The plight of albinos under extreme heat took center stage as the Kaduna state chairman of the Association of Albinism, Comrade Abubakar Adam, made a fervent appeal to world leaders attending the COP28 climate conference in Dubai.

The harsh weather condition, according to Adam, is putting millions of albinos at risk of skin cancer and other related skin diseases.

Adam urged COP28 leaders not to turn a blind eye to the “unfavourable conditions” albinos face in the Sahel region and beyond.

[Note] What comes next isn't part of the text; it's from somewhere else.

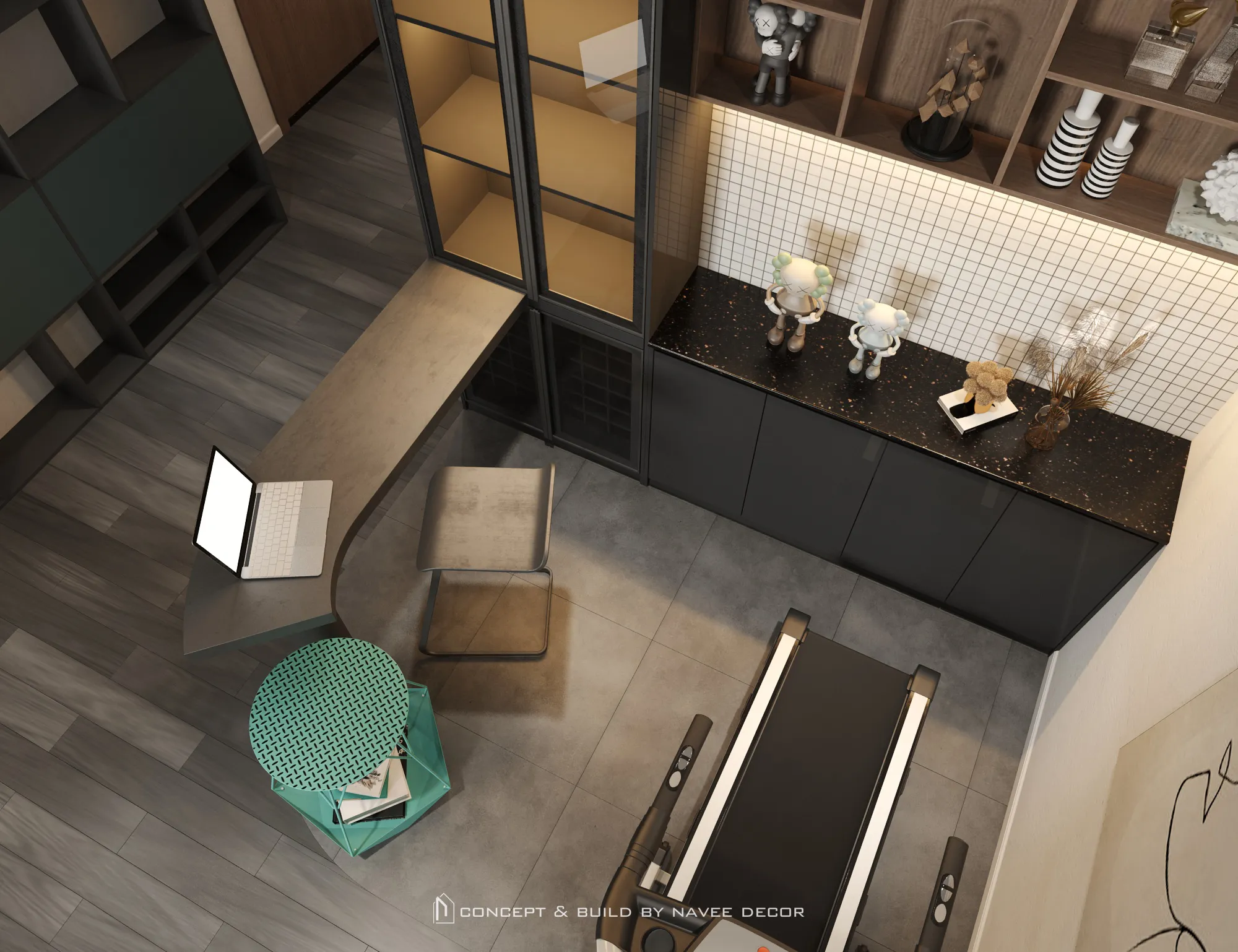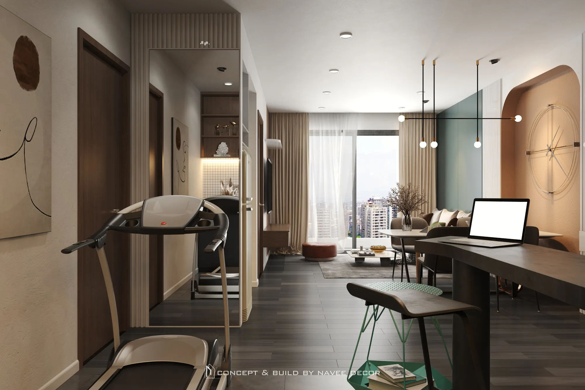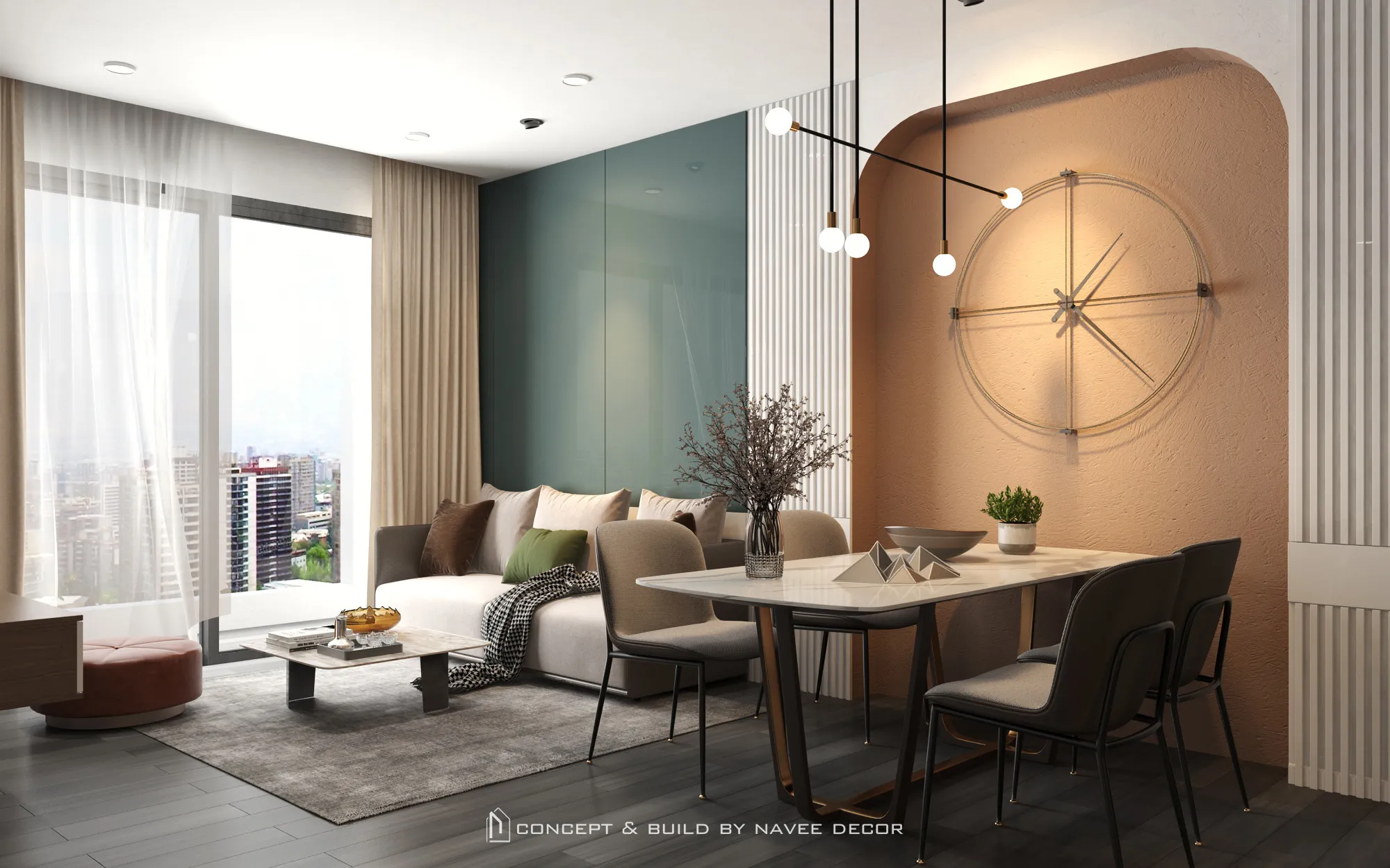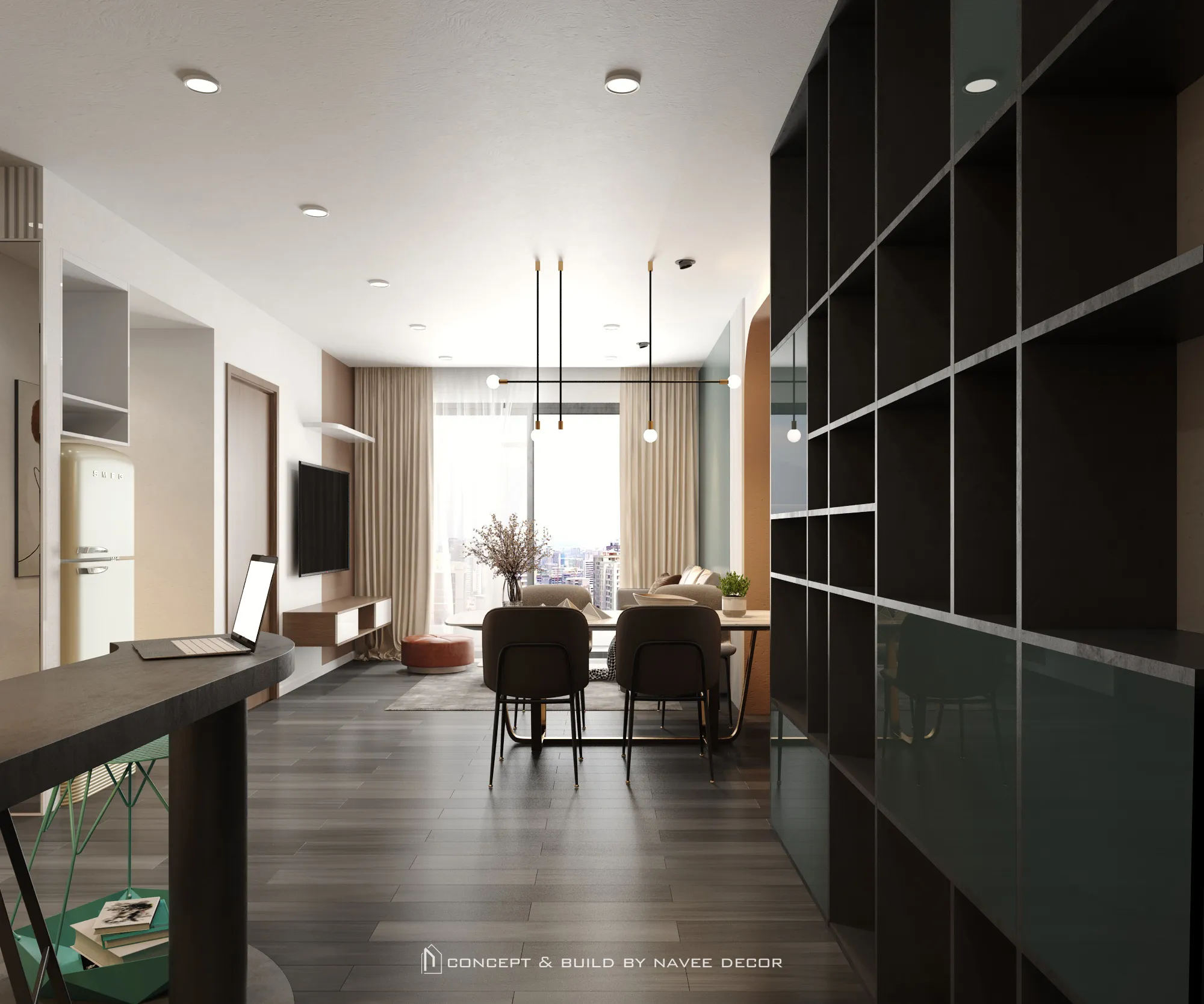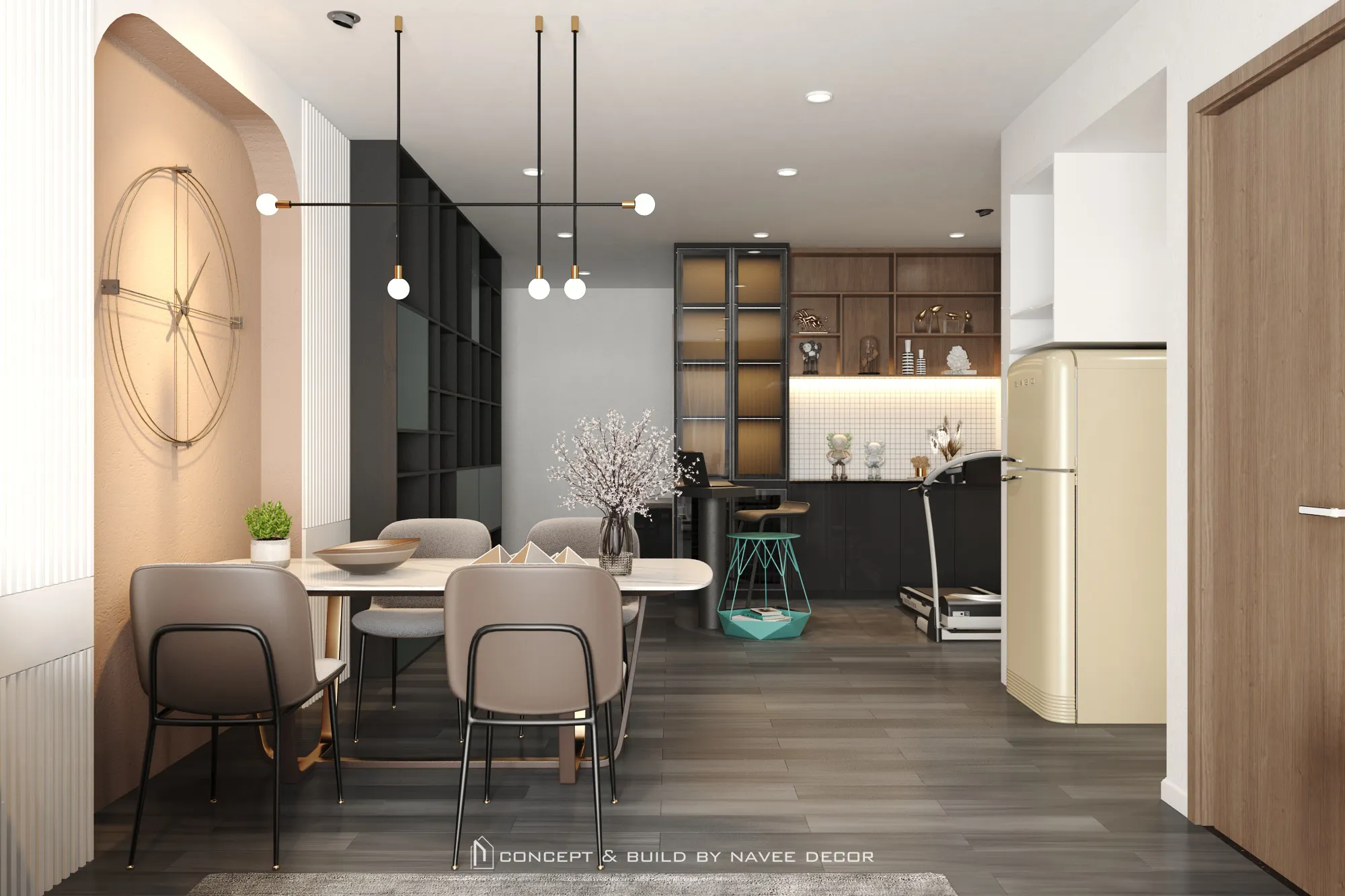 Tổng thể nội thất sử dụng bảng màu trung tính ấm kết hợp các điểm nhấn xanh olive và vật liệu gỗ, tạo nên cảm giác hiện đại, nhẹ nhàng nhưng vẫn giữ được chiều sâu thẩm mỹ. Các chi tiết kiến trúc bo cong, đặc biệt là vòm trang trí giúp làm mềm không gian và chiều sâu thị giác cho khu sinh hoạt chung.

Speaking in a Kaduna interview on Sunday, Adam expressed deep concern over the rising cases of skin cancer and its devastating impact on albinos’ well-being. He revealed the recent loss of three albinos in Kaduna to climate change-related issues, emphasizing the urgency of the situation.

“We lost two in Kajuru local government, and one in Zaria, all attributed to climate change-related issues, including skin cancer.

“People with albinism lack melanin in their skin, making them more susceptible to sunburn and skin cancer,” he emphasized.

“We are witnessing an increase in cases of skin-related illnesses, adding challenges of our already difficult lives,” he aid.

To combat this threat, Adam highlighted the association’s ongoing campaign to educate parents of albinos and raise awareness about the financial struggles many adults face due to daytime heat restrictions.

“We often seek refuge under trees or umbrellas to shield our skin from burning,” he explained, underscoring the need for protective measures against the harsh realities of climate change.

The association is actively promoting the use of protective clothing among children and intensifying cancer prevention awareness within the albino community.

“We plead with COP28 leaders to hear our cry and find solutions to the extreme heat that endangers our lives,” Adam concluded. “Our future, and the future of albinos worldwide, hangs in the balance.”

This appeal underscores the disproportionate impact of climate change on vulnerable communities like albinos. Their call to action serves as a stark reminder of the human cost of inaction and the need for immediate solutions at COP28 and beyond.